Assignment: Excluding pictures, what does the listing below contain from the line with "소음이 외부로 새어나가지" up to and including the line with "On-screen keying guides, practice", word for word?

Source records:
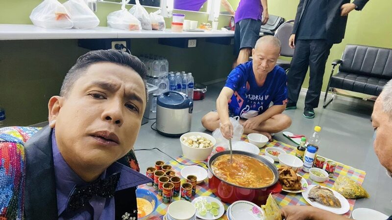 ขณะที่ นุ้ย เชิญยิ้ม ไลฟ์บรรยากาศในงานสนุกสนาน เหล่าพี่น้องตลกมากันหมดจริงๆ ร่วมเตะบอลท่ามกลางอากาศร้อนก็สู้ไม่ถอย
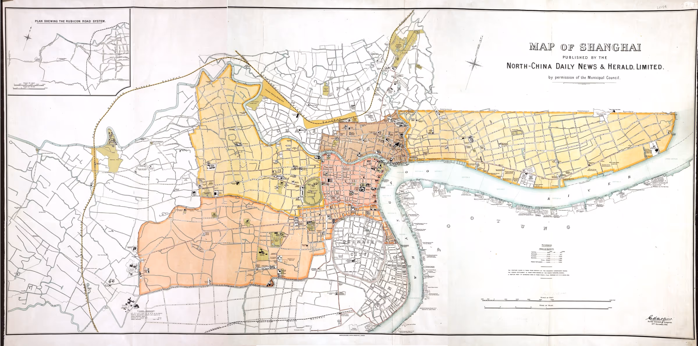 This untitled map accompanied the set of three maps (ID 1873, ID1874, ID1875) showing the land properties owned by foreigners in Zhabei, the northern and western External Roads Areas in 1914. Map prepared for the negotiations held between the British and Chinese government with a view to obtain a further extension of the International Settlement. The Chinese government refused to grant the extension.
==
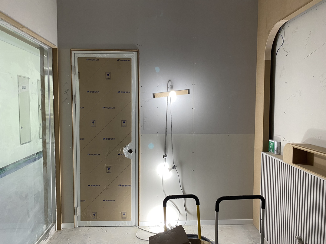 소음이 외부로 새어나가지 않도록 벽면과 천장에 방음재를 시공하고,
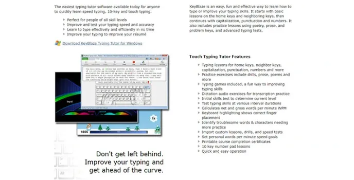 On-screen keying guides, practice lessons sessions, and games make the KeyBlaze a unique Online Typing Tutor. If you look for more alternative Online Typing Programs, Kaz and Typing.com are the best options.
--
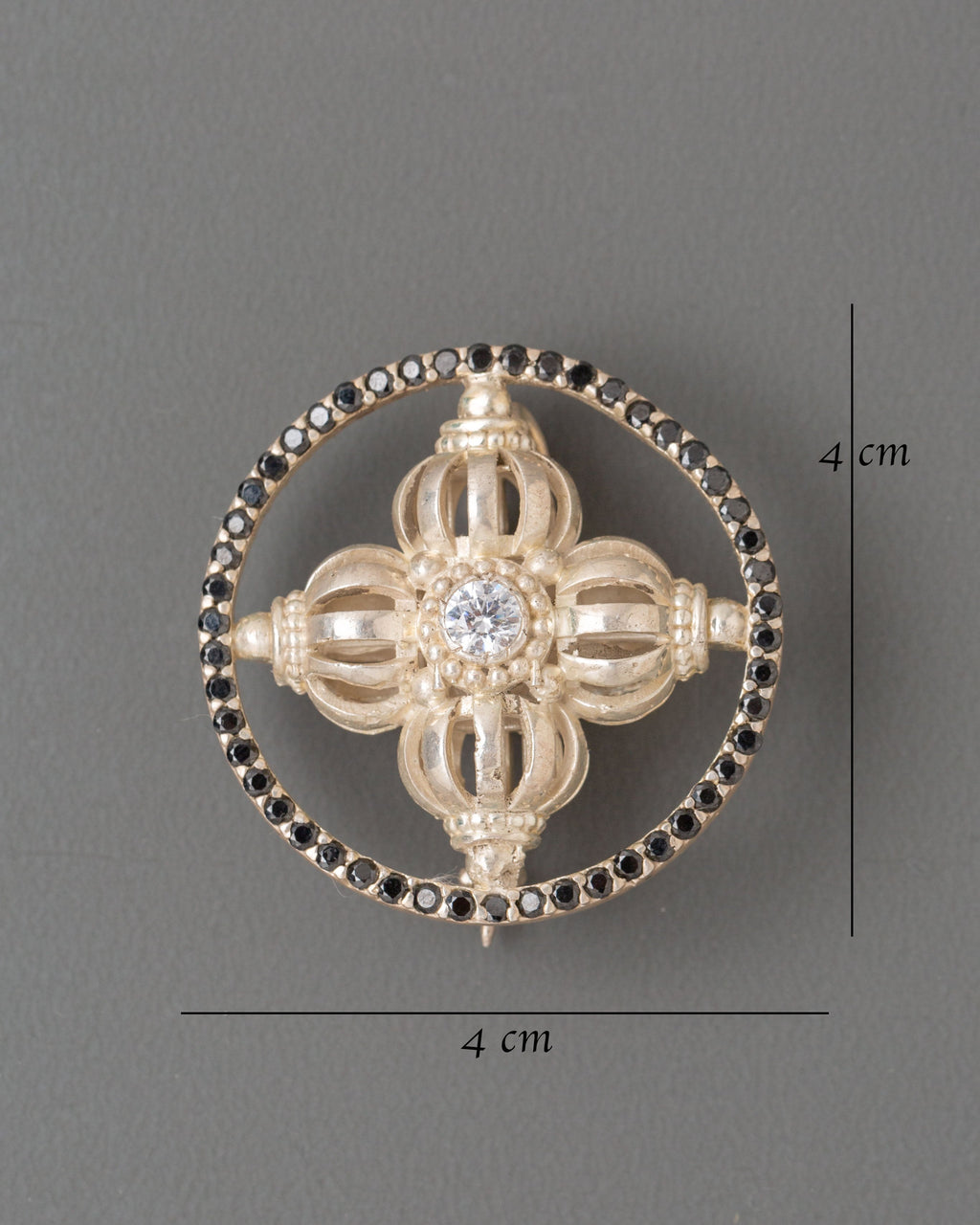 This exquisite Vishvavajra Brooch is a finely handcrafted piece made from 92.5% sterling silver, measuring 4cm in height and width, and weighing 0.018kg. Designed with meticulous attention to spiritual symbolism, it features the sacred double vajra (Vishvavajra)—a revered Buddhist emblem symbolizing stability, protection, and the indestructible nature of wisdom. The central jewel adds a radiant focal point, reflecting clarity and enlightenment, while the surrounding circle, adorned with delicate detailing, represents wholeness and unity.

Output for this exercise:
 소음이 외부로 새어나가지 않도록 벽면과 천장에 방음재를 시공하고,
 On-screen keying guides, practice lessons sessions, and games make the KeyBlaze a unique Online Typing Tutor. If you look for more alternative Online Typing Programs, Kaz and Typing.com are the best options.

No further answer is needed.